§ What is being asked
Since the listing below shows pictures, leave them out and write out exactly the lines from the line with "Altavoz portátil Xiaomi" to the line with "BONTANG – Babinsa", both included, and no others.

§ Records for the exercise
++++++++++

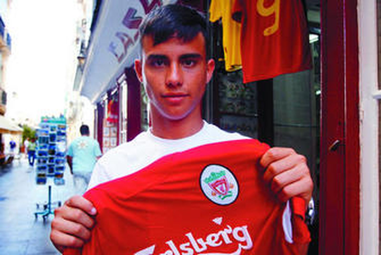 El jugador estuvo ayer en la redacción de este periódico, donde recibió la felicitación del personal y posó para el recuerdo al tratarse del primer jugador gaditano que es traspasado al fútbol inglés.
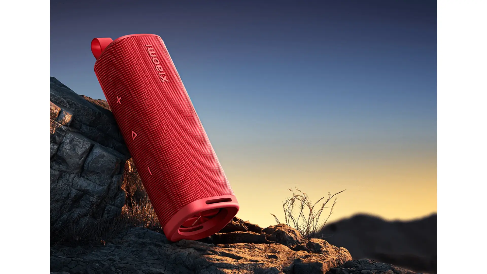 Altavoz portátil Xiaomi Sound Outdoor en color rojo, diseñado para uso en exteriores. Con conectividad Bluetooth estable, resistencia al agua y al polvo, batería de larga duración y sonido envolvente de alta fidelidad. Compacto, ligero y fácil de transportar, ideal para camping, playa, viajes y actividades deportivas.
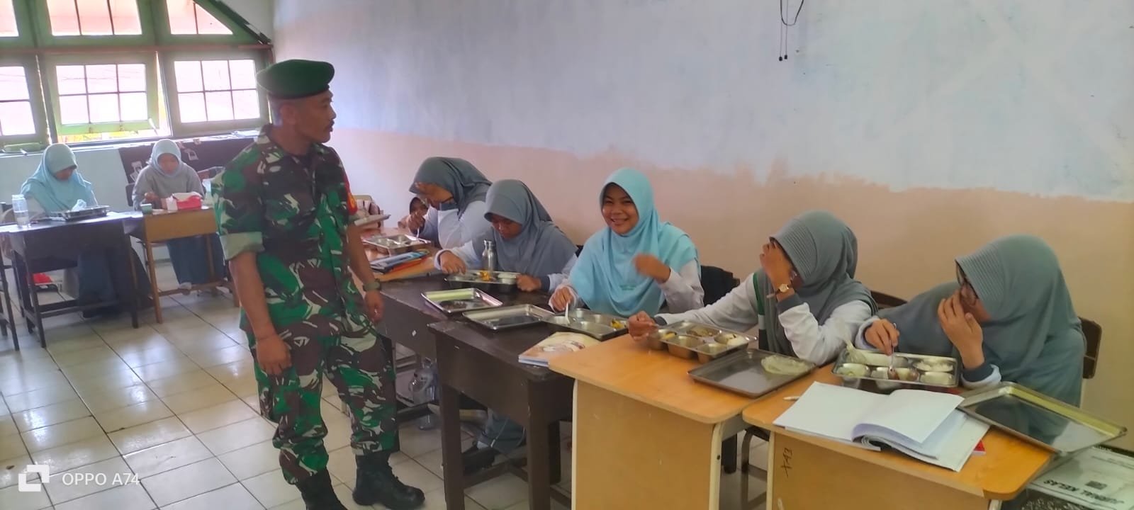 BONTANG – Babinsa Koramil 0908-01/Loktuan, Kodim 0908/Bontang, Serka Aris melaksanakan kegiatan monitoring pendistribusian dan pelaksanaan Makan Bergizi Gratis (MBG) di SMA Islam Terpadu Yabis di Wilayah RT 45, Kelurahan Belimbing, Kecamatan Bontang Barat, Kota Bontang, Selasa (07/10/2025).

++++++++++

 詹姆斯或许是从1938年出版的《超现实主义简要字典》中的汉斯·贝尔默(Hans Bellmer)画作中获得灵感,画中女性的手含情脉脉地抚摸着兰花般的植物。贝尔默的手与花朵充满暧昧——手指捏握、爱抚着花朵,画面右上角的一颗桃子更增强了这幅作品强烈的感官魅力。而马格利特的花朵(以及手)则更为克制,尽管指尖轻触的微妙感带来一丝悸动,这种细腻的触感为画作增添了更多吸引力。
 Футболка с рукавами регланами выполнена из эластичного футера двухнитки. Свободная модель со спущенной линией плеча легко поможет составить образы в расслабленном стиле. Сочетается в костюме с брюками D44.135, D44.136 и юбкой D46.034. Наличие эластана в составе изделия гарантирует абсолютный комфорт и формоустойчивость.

++++++++++

§ Solution below
 Altavoz portátil Xiaomi Sound Outdoor en color rojo, diseñado para uso en exteriores. Con conectividad Bluetooth estable, resistencia al agua y al polvo, batería de larga duración y sonido envolvente de alta fidelidad. Compacto, ligero y fácil de transportar, ideal para camping, playa, viajes y actividades deportivas.
 BONTANG – Babinsa Koramil 0908-01/Loktuan, Kodim 0908/Bontang, Serka Aris melaksanakan kegiatan monitoring pendistribusian dan pelaksanaan Makan Bergizi Gratis (MBG) di SMA Islam Terpadu Yabis di Wilayah RT 45, Kelurahan Belimbing, Kecamatan Bontang Barat, Kota Bontang, Selasa (07/10/2025).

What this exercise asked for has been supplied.